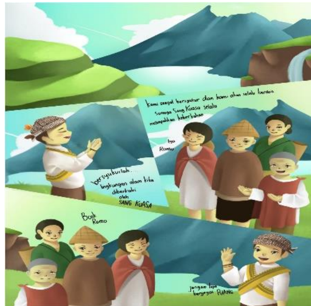
Figure 4. Finalization of the Work Stage
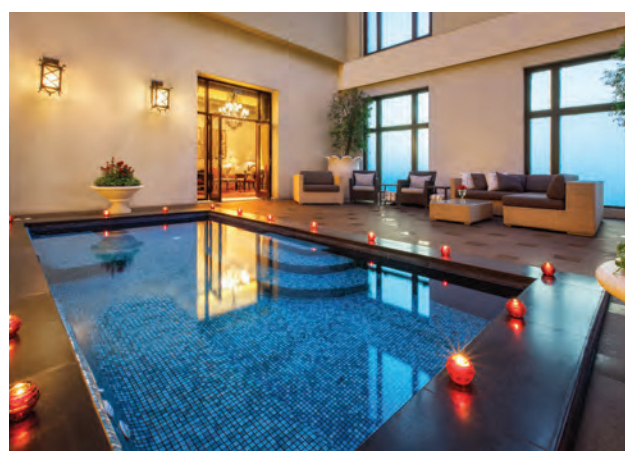
Royal Suite with Pool
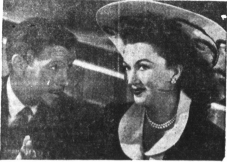
George Murphy and Ginny Simms are co-stars in the romantic musical, MGM's "Broadway Rhythm," with Charles Winninger.

AT WALLACE PREVUE SATURDAY, SUNDAY AND MONDAY

* * * * *

*PROMPT*: Leave every image out when you return the material above word for word.

*EXERCISE SOLUTION*:
Figure 4. Finalization of the Work Stage
Royal Suite with Pool
George Murphy and Ginny Simms are co-stars in the romantic musical, MGM's "Broadway Rhythm," with Charles Winninger.

AT WALLACE PREVUE SATURDAY, SUNDAY AND MONDAY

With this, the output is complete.